On October 13 – a few days before the opening of the 20th Congress –, the National Development ad Reform Commission, jointly with other five departments (the Ministry of Commerce, the Ministry of Industry and Information Technology, the Ministry of Natural Resources, Ministry of Ecology and Environment and the Ministry of Transport) issued some guidelines aimed at encouraging foreign investments in manufacturing, green technologies and energies sectors. The so-called “关于以制造业为重点促进外资扩增量稳存量提质量的若干政策措施 – Various measures and directives for the promotion, attraction, stabilization and enhancement of foreign investments in manufacturing sector” (hereinafter referred as “Directives”), have been enacted on October 25, extending their scope also to other investment sectors for foreign operators.

 

In order to drive investments within a common and general framework, the Directives involve three macro-areas, namely:

  1. Optimization of the legal framework for the increase of foreign investment flow;
  2. Strengthening of services supporting foreign investments;
  3. Guidance and quality improvement of foreign investments.

Optimization of the legal framework for the promotion of foreign investments

The purpose of the Directives is to ensure the correct application of the so-called Negative List. The Negative List – constantly updated – identifies the industrial sectors where foreign investments are prohibited or restricted. In recent years, there has been a constant reduction of these sectors by the Chinese government, with the aim of increasingly encouraging foreign investments even in areas historically considered as strategic. The correct application of this list, to which the Directives refer, requires the elimination of any further restrictive measure that do not fall within its scope and that may hinder the development of foreign investments.

This first macro-area focuses, first of all, on the necessity of ensuring that foreign companies investing in China are treated on an equal footing with local companies, in order to guarantee them equal benefit of support policies and equal treatment in the various investment-related operations (licensing, tenders, protection of intellectual property).

The local authorities will be therefore responsible to conduct a feasibility assessment of an investment and its environmental impact.

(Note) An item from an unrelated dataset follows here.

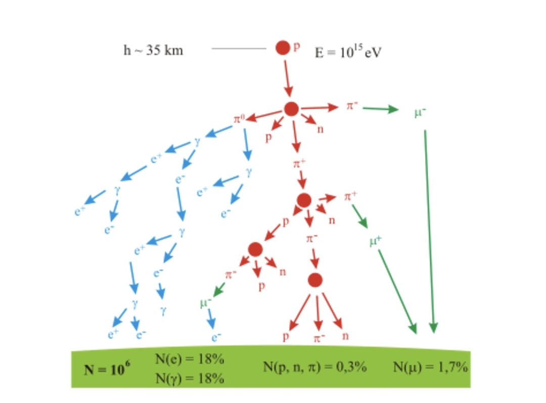 Nakon što uđu u Zemljinu atmosferu, kozmičke čestice se sudaraju s molekulama, uglavnom dušikom i kisikom, stvarajući slapove manjih čestica, koje zovemo još pljusak elementarnih čestica.

In order to successfully implement the above, the Directives emphasize the need for dialogue and cooperation not only between foreign companies and local authorities, but also with other institutions such as Chambers of Commerce and international organizations.

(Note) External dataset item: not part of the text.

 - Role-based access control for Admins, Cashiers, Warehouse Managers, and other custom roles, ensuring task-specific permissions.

Strengthening of the services in support of foreign investments

In recent years, the pandemic has hindered both the movement of people due to the difficulty of entering and exiting the country and the exchange of goods due to severe slowdowns in the supply chain and logistics in general. Without prejudice to full compliance with the prevention measures for the containment of the Covid-19 pandemic, the Directives emphasize the need to facilitate entry and exit from the territory, simplifying the relevant procedures and making them transparent. Similarly, the coordination of these measures at national level should ensure a positive impact on the normal functioning of the supply chain and the stability of transport.

In terms of services, the Government of Beijing considers of great importance the fact that the foreign companies having the appropriate qualifications and requirements, could benefit of the financial support provided by the banks and other financial institutions or local bodies. In parallel, these institutions shall also encourage the reinvestment of profits through appropriate support policies as for example the preferential policies aimed at reducing the investment and management costs.

Guidance and quality improvement of foreign investments

The Directives mention a number of sectors in which foreign companies are particularly encouraged to invest in, namely:

  • Basic components and components for the advanced and high-tech production;
  • Research and development in the modern industry of services and logistics;
  • Innovative technologies and energies in order to accelerate the ecological transition process, encouraging those investment that could provide a support in pursuing the goal of carbon emission reduction.

The set of incentives contained within the Directives undoubtedly reflect the need to promote an innovative, high-quality and, above all, low environmental impact industrial development. It is of particular interest the reference to the geographical areas mentioned within the Directives; the authorities, in fact, point to investment support in the Central, Western and North-Eastern regions of China, which, as known, represent the least developed areas and for which, in the last two decades, various policies have already been adopted in order to encourage, also through foreign investments, an economic development on the model of that one experienced by the areas along the coast.

The context of uncertainty that persists in China worrying investors due to the continuous variability of the situation, is balanced, albeit partially, by the initiatives promoted by the legislator. In terms of international relations, the 20th Congress recalled the government’s favorable stance on incentives for foreign investments, since they constitute a fundamental impulse for the Country’s development. The Directives discussed above, promulgated almost contextually to the Congress, are clear evidence of the government authorities’ intention to support foreign investors’ initiatives in sectors that are particularly strategic for China.